**What is expected:**
Could you retype exactly the lines below between the one holding "Diego Velasquez. Les ménines . 1656" and the one holding "Рис.2. Панорамная томограмма нижней зоны лица", inclusive, leaving out any pictures?

== Data provided ==

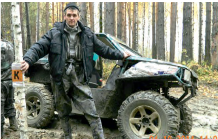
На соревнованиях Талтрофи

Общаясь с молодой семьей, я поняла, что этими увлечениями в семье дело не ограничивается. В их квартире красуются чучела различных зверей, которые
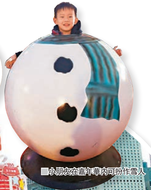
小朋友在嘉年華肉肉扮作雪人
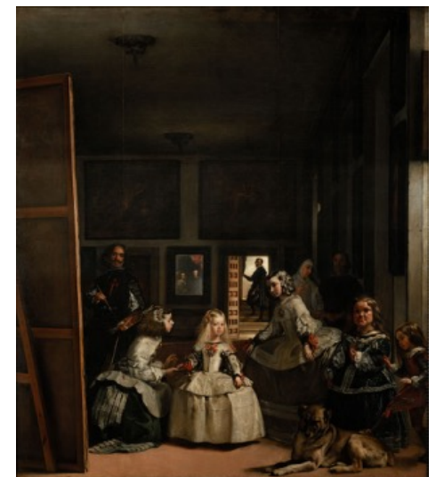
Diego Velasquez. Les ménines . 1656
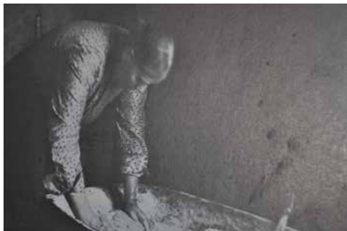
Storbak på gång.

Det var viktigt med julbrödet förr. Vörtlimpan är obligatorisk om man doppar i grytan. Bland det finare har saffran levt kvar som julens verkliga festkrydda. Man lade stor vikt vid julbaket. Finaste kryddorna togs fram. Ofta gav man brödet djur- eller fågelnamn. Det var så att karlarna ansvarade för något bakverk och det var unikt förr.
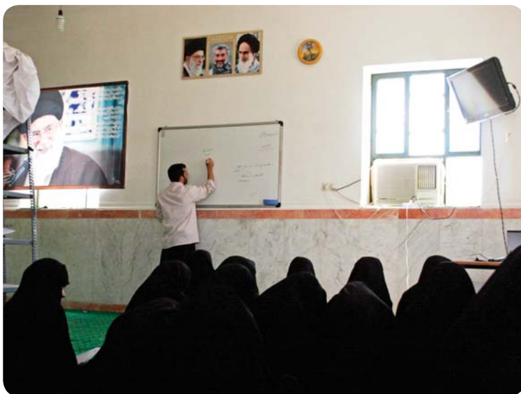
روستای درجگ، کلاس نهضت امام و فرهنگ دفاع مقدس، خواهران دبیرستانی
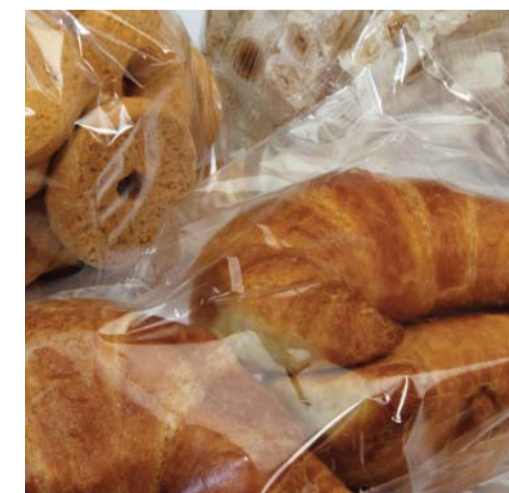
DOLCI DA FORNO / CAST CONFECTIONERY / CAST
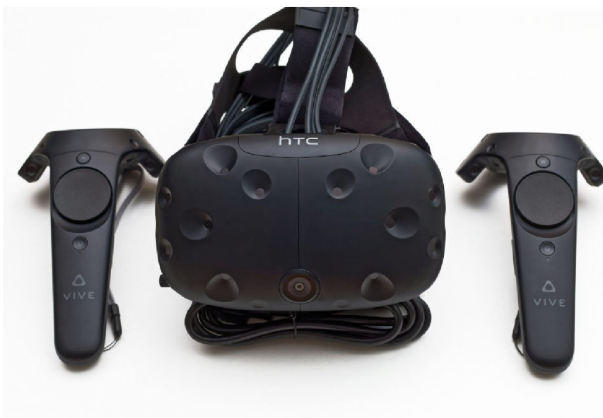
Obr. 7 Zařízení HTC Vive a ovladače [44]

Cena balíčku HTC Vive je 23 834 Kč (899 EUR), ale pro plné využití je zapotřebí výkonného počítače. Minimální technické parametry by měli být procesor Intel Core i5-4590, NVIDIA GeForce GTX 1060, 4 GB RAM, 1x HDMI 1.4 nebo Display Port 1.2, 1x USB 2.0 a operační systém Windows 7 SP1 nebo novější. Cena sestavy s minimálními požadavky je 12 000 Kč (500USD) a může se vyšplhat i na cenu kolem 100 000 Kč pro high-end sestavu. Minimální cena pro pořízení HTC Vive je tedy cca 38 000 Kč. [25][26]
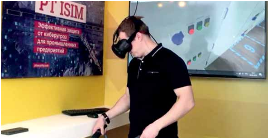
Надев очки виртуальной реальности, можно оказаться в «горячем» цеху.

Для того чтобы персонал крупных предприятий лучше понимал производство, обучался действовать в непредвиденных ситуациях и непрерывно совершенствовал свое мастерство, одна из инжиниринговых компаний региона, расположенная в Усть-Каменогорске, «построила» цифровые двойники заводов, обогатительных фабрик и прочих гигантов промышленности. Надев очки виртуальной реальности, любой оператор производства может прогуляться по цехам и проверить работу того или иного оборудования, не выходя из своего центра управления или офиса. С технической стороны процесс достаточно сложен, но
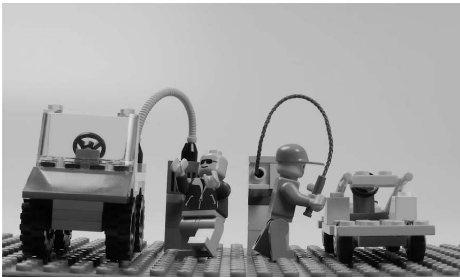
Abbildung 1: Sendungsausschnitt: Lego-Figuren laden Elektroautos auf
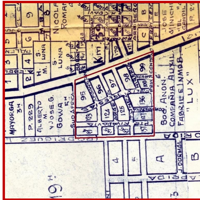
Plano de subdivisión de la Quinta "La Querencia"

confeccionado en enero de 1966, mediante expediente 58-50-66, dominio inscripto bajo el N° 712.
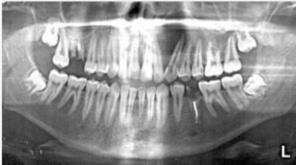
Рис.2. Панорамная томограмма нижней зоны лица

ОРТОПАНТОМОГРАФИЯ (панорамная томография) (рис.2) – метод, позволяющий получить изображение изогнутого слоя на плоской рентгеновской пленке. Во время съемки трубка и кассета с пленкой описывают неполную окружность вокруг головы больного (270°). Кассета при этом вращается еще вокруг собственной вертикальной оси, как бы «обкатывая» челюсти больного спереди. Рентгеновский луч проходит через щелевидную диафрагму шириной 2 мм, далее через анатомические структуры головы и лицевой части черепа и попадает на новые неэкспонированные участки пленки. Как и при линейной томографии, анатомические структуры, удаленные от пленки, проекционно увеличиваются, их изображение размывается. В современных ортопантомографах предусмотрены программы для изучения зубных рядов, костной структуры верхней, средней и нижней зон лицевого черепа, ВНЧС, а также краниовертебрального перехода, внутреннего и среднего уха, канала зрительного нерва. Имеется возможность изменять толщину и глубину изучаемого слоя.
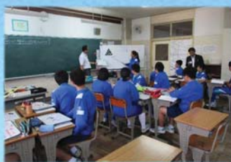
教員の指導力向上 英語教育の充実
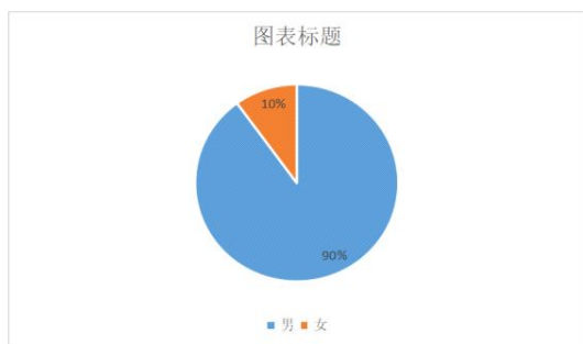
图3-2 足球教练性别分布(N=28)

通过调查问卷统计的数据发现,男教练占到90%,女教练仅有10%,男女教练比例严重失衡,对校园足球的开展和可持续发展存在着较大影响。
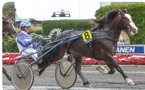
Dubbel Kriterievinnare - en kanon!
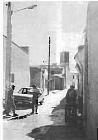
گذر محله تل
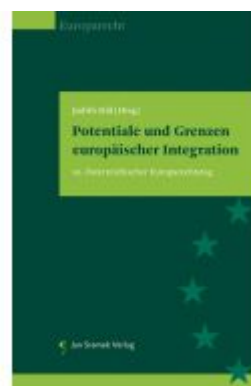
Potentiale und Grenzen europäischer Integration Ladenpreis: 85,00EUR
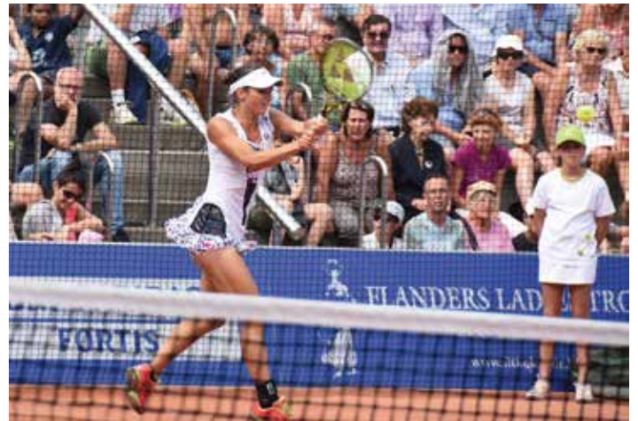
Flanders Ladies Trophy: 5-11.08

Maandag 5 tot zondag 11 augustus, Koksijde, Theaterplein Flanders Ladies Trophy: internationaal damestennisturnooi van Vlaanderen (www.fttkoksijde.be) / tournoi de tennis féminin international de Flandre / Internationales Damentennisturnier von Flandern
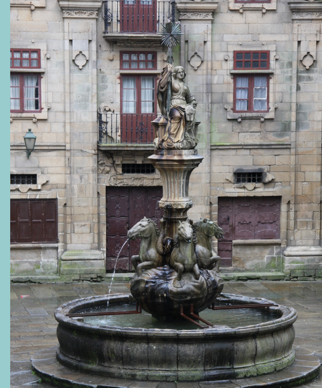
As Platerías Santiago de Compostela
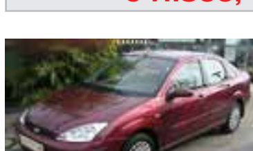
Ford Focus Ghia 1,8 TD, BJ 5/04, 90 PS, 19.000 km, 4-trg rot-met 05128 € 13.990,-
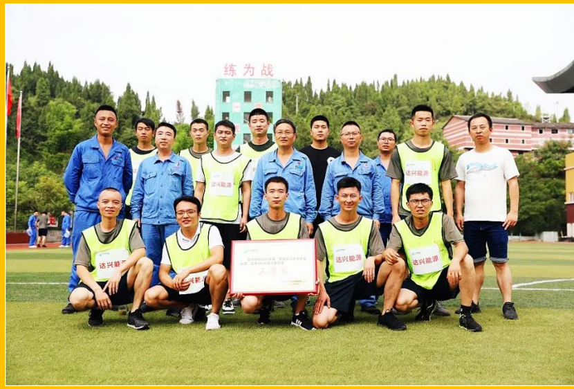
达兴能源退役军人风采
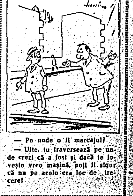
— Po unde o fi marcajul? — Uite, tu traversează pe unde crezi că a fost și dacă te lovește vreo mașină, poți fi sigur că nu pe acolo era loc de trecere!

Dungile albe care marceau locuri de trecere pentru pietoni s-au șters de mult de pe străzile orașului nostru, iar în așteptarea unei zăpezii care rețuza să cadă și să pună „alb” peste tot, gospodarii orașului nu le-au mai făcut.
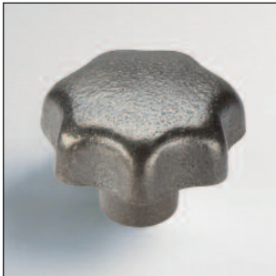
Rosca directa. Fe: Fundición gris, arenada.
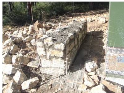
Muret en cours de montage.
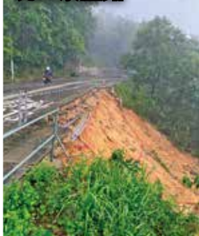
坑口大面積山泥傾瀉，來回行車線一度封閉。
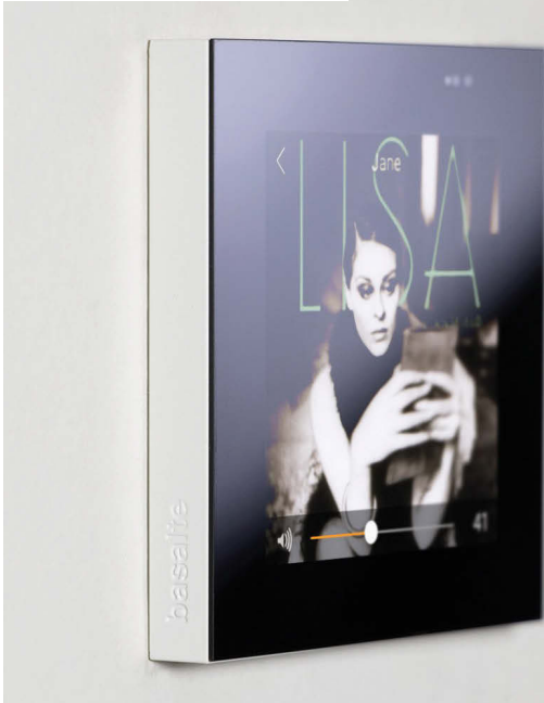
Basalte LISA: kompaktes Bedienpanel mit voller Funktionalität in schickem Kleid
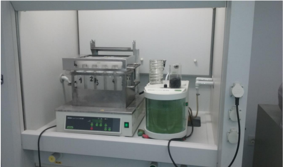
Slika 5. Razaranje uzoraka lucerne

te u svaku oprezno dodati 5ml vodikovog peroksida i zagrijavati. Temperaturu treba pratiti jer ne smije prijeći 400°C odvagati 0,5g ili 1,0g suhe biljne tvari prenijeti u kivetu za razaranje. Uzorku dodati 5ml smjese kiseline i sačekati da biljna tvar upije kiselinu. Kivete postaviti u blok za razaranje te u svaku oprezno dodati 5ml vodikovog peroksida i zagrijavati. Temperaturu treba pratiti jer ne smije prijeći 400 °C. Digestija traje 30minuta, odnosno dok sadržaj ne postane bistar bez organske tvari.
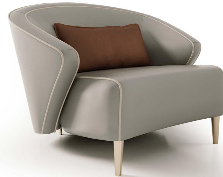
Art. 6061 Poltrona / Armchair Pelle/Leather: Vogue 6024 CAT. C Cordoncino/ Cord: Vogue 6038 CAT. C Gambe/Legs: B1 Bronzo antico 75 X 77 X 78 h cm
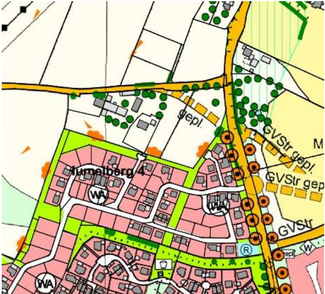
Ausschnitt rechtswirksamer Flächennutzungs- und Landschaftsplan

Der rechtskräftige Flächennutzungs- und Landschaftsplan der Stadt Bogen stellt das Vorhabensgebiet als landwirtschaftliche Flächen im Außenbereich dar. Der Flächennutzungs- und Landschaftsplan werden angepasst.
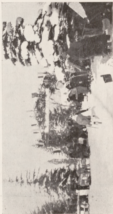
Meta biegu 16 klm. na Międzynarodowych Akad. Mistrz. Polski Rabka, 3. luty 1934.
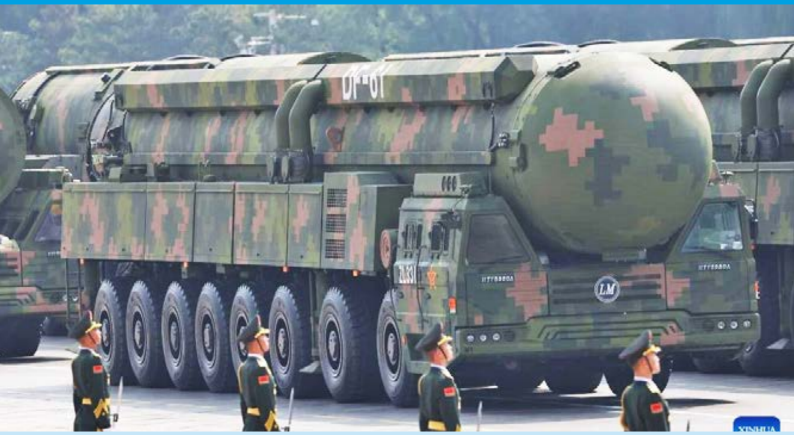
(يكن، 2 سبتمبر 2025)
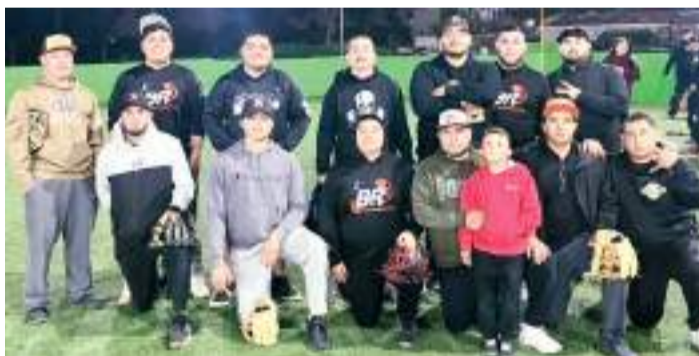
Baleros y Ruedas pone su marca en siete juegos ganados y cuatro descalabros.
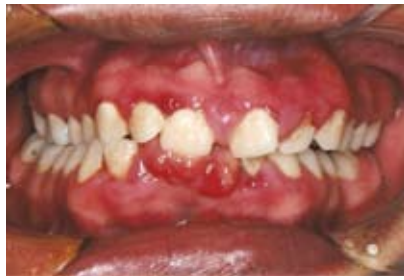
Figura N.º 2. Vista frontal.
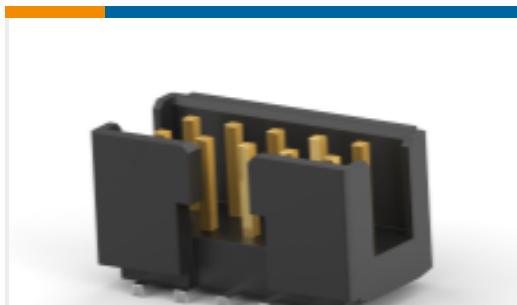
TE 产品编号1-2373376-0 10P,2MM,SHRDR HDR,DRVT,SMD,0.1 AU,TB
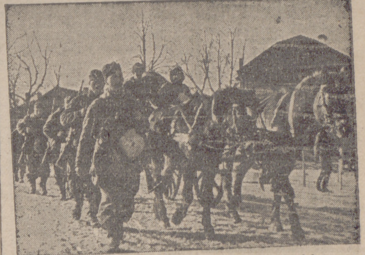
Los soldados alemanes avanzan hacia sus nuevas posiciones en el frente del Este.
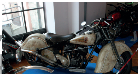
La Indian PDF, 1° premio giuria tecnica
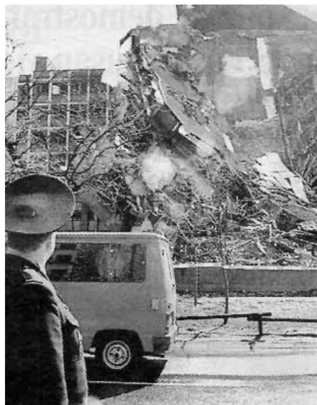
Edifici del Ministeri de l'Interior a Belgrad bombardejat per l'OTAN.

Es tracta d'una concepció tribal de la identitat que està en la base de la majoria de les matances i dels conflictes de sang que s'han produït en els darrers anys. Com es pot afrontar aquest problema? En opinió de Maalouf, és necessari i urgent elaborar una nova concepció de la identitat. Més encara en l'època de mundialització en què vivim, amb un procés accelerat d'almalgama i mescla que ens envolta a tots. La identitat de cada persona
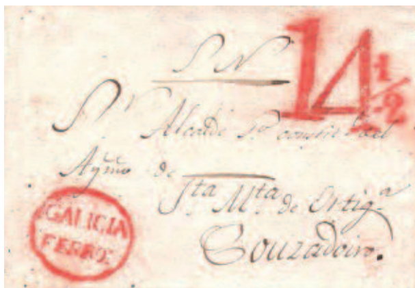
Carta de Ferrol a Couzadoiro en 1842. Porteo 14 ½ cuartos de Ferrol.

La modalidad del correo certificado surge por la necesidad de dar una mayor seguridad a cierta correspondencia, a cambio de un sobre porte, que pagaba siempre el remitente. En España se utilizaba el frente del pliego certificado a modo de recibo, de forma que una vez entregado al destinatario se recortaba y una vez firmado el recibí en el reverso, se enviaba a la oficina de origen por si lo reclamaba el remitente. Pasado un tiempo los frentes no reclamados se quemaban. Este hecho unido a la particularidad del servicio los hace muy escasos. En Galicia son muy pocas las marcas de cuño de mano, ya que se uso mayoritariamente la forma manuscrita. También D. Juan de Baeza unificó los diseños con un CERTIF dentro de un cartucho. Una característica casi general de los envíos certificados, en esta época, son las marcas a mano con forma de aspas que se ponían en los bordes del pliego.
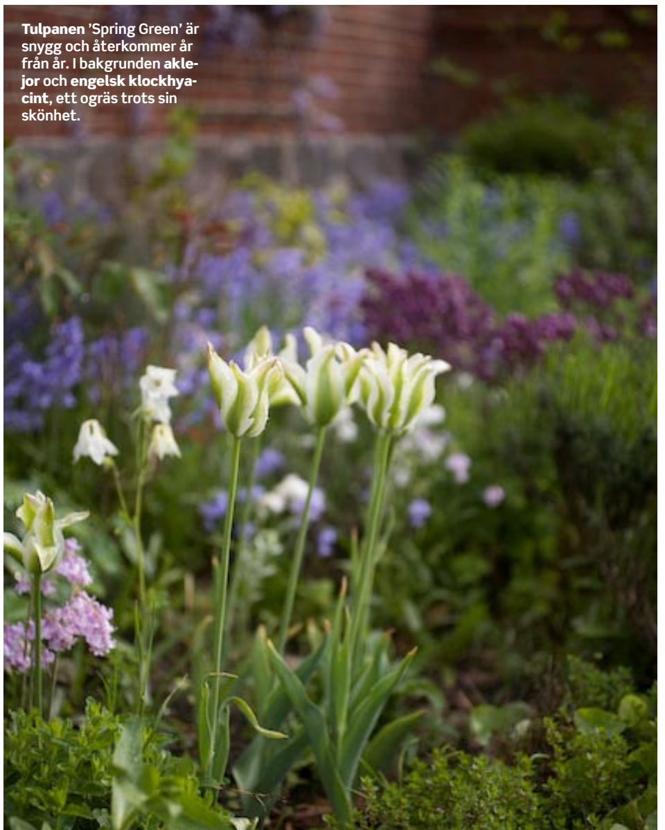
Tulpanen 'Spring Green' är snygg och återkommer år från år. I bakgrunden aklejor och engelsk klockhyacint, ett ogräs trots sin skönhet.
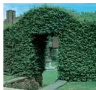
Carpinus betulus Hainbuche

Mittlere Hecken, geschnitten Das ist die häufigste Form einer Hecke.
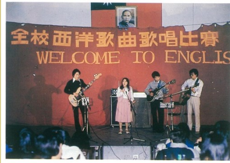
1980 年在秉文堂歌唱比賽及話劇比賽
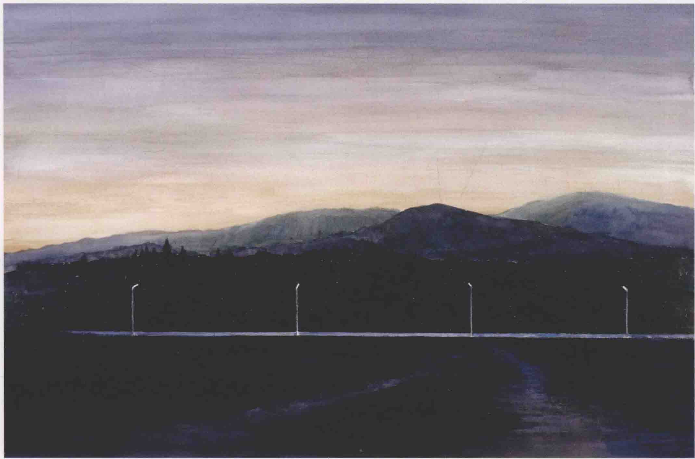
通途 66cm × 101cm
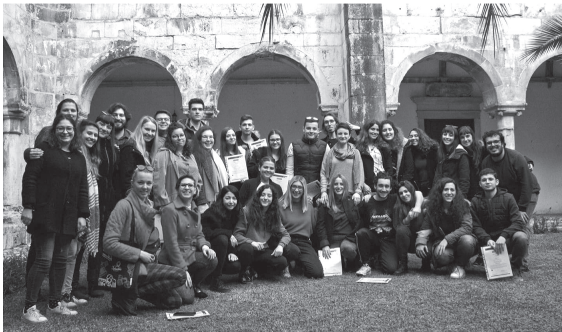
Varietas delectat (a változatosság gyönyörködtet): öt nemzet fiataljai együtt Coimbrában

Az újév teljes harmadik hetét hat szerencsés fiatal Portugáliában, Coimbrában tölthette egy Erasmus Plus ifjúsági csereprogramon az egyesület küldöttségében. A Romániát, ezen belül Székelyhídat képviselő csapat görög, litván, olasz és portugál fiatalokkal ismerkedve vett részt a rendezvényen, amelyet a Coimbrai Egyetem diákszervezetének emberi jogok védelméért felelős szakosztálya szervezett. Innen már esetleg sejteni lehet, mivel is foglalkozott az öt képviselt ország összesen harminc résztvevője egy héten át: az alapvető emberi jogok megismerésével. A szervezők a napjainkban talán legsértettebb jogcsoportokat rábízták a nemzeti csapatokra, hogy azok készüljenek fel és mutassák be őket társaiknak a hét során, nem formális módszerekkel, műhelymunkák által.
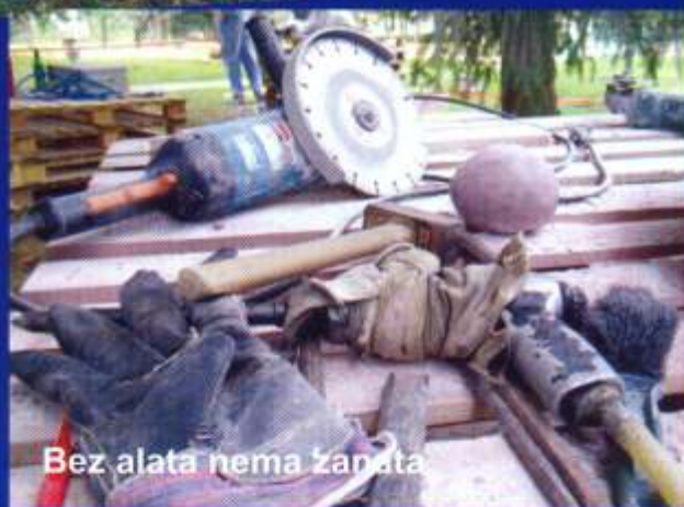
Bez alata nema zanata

===

**Answer for the task:**
Diego Velasquez. Les ménines . 1656
Storbak på gång.

Det var viktigt med julbrödet förr. Vörtlimpan är obligatorisk om man doppar i grytan. Bland det finare har saffran levt kvar som julens verkliga festkrydda. Man lade stor vikt vid julbaket. Finaste kryddorna togs fram. Ofta gav man brödet djur- eller fågelnamn. Det var så att karlarna ansvarade för något bakverk och det var unikt förr.
روستای درجگ، کلاس نهضت امام و فرهنگ دفاع مقدس، خواهران دبیرستانی
DOLCI DA FORNO / CAST CONFECTIONERY / CAST
Obr. 7 Zařízení HTC Vive a ovladače [44]

Cena balíčku HTC Vive je 23 834 Kč (899 EUR), ale pro plné využití je zapotřebí výkonného počítače. Minimální technické parametry by měli být procesor Intel Core i5-4590, NVIDIA GeForce GTX 1060, 4 GB RAM, 1x HDMI 1.4 nebo Display Port 1.2, 1x USB 2.0 a operační systém Windows 7 SP1 nebo novější. Cena sestavy s minimálními požadavky je 12 000 Kč (500USD) a může se vyšplhat i na cenu kolem 100 000 Kč pro high-end sestavu. Minimální cena pro pořízení HTC Vive je tedy cca 38 000 Kč. [25][26]
Надев очки виртуальной реальности, можно оказаться в «горячем» цеху.

Для того чтобы персонал крупных предприятий лучше понимал производство, обучался действовать в непредвиденных ситуациях и непрерывно совершенствовал свое мастерство, одна из инжиниринговых компаний региона, расположенная в Усть-Каменогорске, «построила» цифровые двойники заводов, обогатительных фабрик и прочих гигантов промышленности. Надев очки виртуальной реальности, любой оператор производства может прогуляться по цехам и проверить работу того или иного оборудования, не выходя из своего центра управления или офиса. С технической стороны процесс достаточно сложен, но
Abbildung 1: Sendungsausschnitt: Lego-Figuren laden Elektroautos auf
Plano de subdivisión de la Quinta "La Querencia"

confeccionado en enero de 1966, mediante expediente 58-50-66, dominio inscripto bajo el N° 712.
Рис.2. Панорамная томограмма нижней зоны лица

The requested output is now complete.